Il presente protocollo descrive le fasi e i punti chiave della laminotomia unilaterale endoscopica lombare per la decompressione bilaterale per il trattamento della stenosi spinale lombare degenerativa.

Abstract

La stenosi spinale lombare (LSS) comporta il restringimento del canale spinale a causa di cambiamenti degenerativi nelle articolazioni vertebrali, nei dischi intervertebrali e nei legamenti. La LSS comprende la stenosi del canale centrale (CCS), la stenosi del recesso laterale (LRS) e la stenosi del forame intervertebrale (IFS). L'utilizzo della laminotomia unilaterale endoscopica lombare per la decompressione bilaterale (LE-ULBD) ha guadagnato popolarità nel trattamento della CCS e della LRS. Questa popolarità è attribuita al rapido sviluppo degli strumenti endoscopici e al progresso della filosofia endoscopica.

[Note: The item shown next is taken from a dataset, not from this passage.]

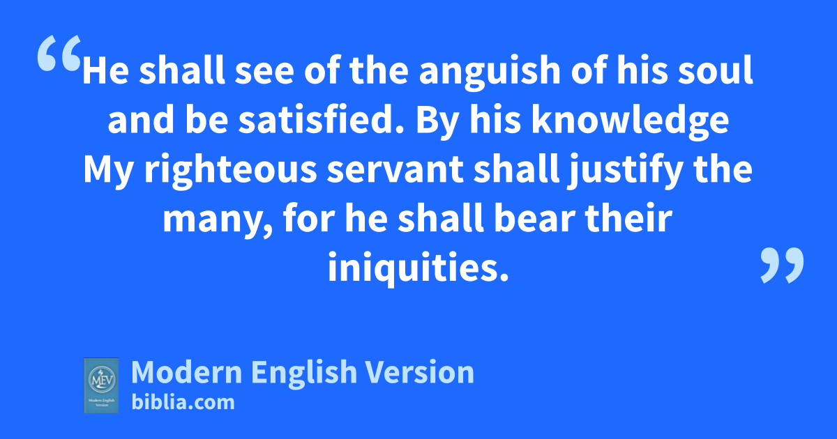 He shall see of the anguish of his soul and be satisfied. By his knowledge My righteous servant shall justify the many, for he shall bear their iniquities.

In questo rapporto tecnico, viene fornita un'introduzione dettagliata ai passaggi e ai punti chiave di LE-ULBD. Contemporaneamente, è stata condotta una revisione retrospettiva di 132 pazienti consecutivi sottoposti a LE-ULBD per stenosi del canale centrale e/o del recesso laterale. I risultati dopo più di due anni di follow-up sono stati valutati utilizzando il punteggio analogico visivo (VAS), l'indice di disabilità Oswestry (ODI), i punteggi dell'Associazione ortopedica giapponese (JOA) e i criteri MacNab modificati per valutare l'efficacia chirurgica. Tutti i 132 pazienti sono stati sottoposti con successo a LE-ULBD. Tra questi, 119 pazienti sono stati valutati come "eccellenti", mentre 13 pazienti sono stati valutati come "buoni" sulla base dei criteri MacNab modificati durante l'ultimo follow-up. In quattro casi si sono verificate lacerazioni durali accidentali, ma non ci sono stati ematomi epidurali post-operatori o infezioni. L'esperienza dimostra che LE-ULBD è un approccio meno invasivo, efficace e sicuro. Può essere considerato come un'opzione alternativa per il trattamento di pazienti con stenosi del canale centrale lombare e/o stenosi da incasso laterale.

Introduzione

La stenosi spinale lombare degenerativa (DLSS) può derivare da alterazioni delle strutture anatomiche ossee, discali, capsulari o legamentose. Clinicamente, la LSS si presenta con una serie di sintomi, tra cui dolore sciatico irradiato alle gambe, claudicatio neurogena durante la deambulazione e disturbi sensoriali, che influenzano in modo significativo la qualità della vita dei pazienti 1,2,3. Un periodo iniziale di gestione conservativa di due mesi è l'approccio terapeutico raccomandato per la LSS. Se le misure conservative si rivelano inefficaci, il passaggio alla terapia chirurgica di decompressione diventa la raccomandazione successiva.

Storicamente, la laminectomia a cielo aperto è stata l'approccio chirurgico tradizionale per affrontare la stenosi spinale. Studi peer-reviewed ne hanno confermato la sicurezza e il rapporto costo-efficacia, con risultati che mostrano una notevole superiorità rispetto agli interventi non chirurgici 4,5,6,7,8. Tuttavia, le complessità coinvolte nel raggiungimento di una decompressione ossea completa dei componenti neurali possono introdurre il rischio di instabilità spinale segmentale. Ciò può portare alla recidiva dei sintomi o alla successiva necessità di artrodesi 9,10. In particolare, Ghogawala et al.11 hanno documentato che circa il 34% dei pazienti, dopo essere stati sottoposti a laminectomia tradizionale per stenosi spinale lombare con concomitante spondilolistesi spinale stabile, ha richiesto un intervento chirurgico di revisione entro quattro anni dall'intervento.

Negli ultimi cinquant'anni, è diventato evidente un notevole spostamento verso procedure chirurgiche spinali minimamente invasive. L'obiettivo generale è stato quello di ridurre la disgregazione tissutale correlata all'approccio e successivamente mitigare il disagio e la disabilità post-operatoria. Questa transizione si allinea perfettamente con l'avvento e la progressione della chirurgia endoscopica percutanea della colonna vertebrale.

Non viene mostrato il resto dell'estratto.